Second, coaches have a large responsibility and influential role in setting team culture. Coach behavior and coach communications on topics of nutrition and weight send strong messages to athletes that can be positive and empowering, or negative and hurtful.
Coaches need to be aware that an athlete’s self-esteem, self-worth and body image are points of vulnerability, so locker-room talk or even well-intentioned comments about food choices, dietary habits or athletes’ bodies, sometimes used in hopes of motivating an athlete to achieve a goal or perform better, can contribute to a culture that endorses dieting and restrictive eating. A proactive approach to achieve a healthy team culture would involve coaches explicitly denouncing diet culture and embracing body diversity.

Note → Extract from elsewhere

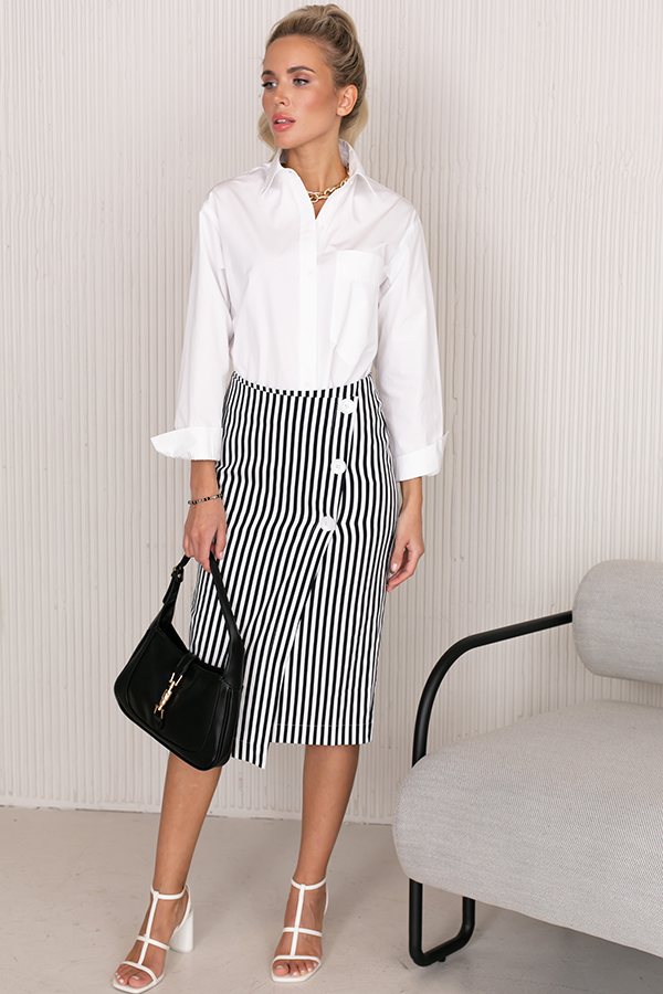 Юбка прямого силуэта из хлопковой ткани. Изделие с запахом, зафиксированным в области талии и декоративными пуговицами. Сзади по среднему шву застёжка-молния. Изделие без пояса, верхний срез обработан обтачкой.
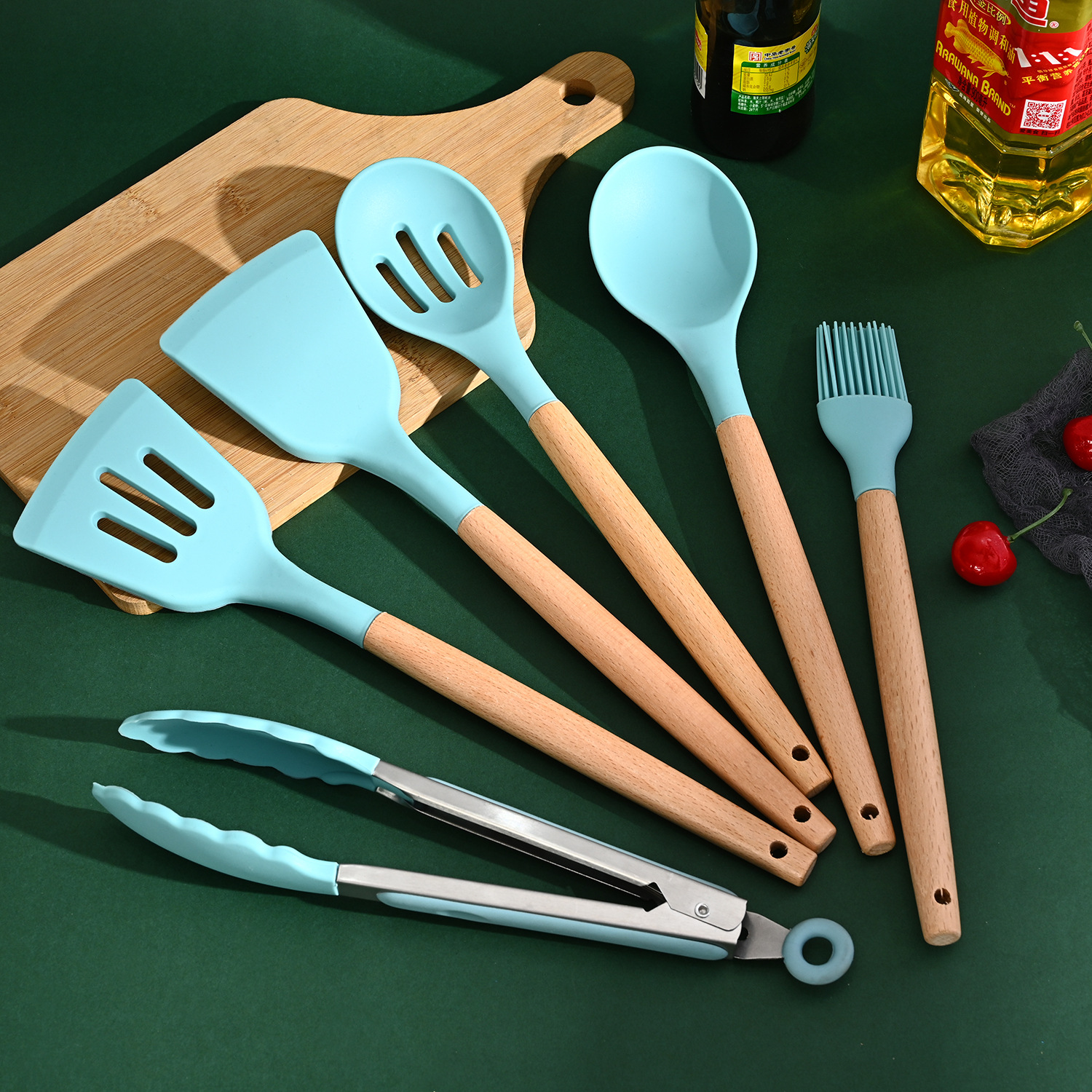 Cross-Border Household Edible Silicon Kitchenware Powder Claw Slotted Turner Spoon Kitchenware 10-Piece Kitchen Cooking Spatula for Non-Stick Pan

Coaches who communicate their guidelines with their athletes (and parents, in the case of youth/adolescent athletes) can hold captains and upper-classmen accountable for helping to reinforce zero tolerance for body shaming or food shaming interactions. When a coach remains silent or inactive against a culture that endorses disordered behaviors and/or body-shaming commentary, or if a coach perpetuates that culture through their own actions, the coach risks condoning the behavior and causing widespread harm to their athletes.
Finally, coaches need to set protocols for mandatory screening. Annual screening for eating disorder risk is recommended as a part of the pre-participation exam (PPE), yet this is not necessarily done inside most athletics departments or by most doctors/pediatricians using anything more than an assessment of weight (using BMI criteria) and the presence of amenorrhea in female athletes. This practice results in a heavily biased and stereotyped assessment of eating disorder risk and runs the risk of missing most eating disorders that occur in sport, including sub-clinical disordered eating behaviors that are just as dangerous and in need of intervention.

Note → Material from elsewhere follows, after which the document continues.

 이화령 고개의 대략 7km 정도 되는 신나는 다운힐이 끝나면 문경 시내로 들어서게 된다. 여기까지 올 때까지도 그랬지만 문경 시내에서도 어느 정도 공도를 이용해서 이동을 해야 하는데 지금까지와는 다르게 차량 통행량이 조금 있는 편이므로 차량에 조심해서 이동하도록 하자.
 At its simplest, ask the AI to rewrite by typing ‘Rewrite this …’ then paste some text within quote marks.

Often in collegiate settings, only freshmen are screened comprehensively– leaving athletes vulnerable beyond that freshman screen. Any time an athlete comes to attention for displaying restrictive eating behaviors, increased emotional distress, visible signs, or clinical symptoms of an eating disorder or compulsive over-training, a full assessment should be done. Included in this at-risk category are athletes who suffer an injury.
One rather simple assessment tool that is sometimes used in pre-participation physical exams to screen for eating disorder risk is the SCOFF (https://www.psychtools.info/scoff/). This brief 5 question screener is quick and easy to administer, making it suitable for an AT to administer annually at the PPE or any time an athlete appears to be “at risk” based on observed behavioral concerns. It is recommended that any athlete who answers “yes” to two or more of the screening questions should be referred for a full assessment for a possible eating disorder, however given higher risk profiles in athletes including other disordered thoughts and behaviors that the SCOFF does not assess, it would be prudent to make a referral if any one question is affirmed by an athlete. That referral is best made to a Registered Dietitian, doctor/pediatrician, or a licensed therapist.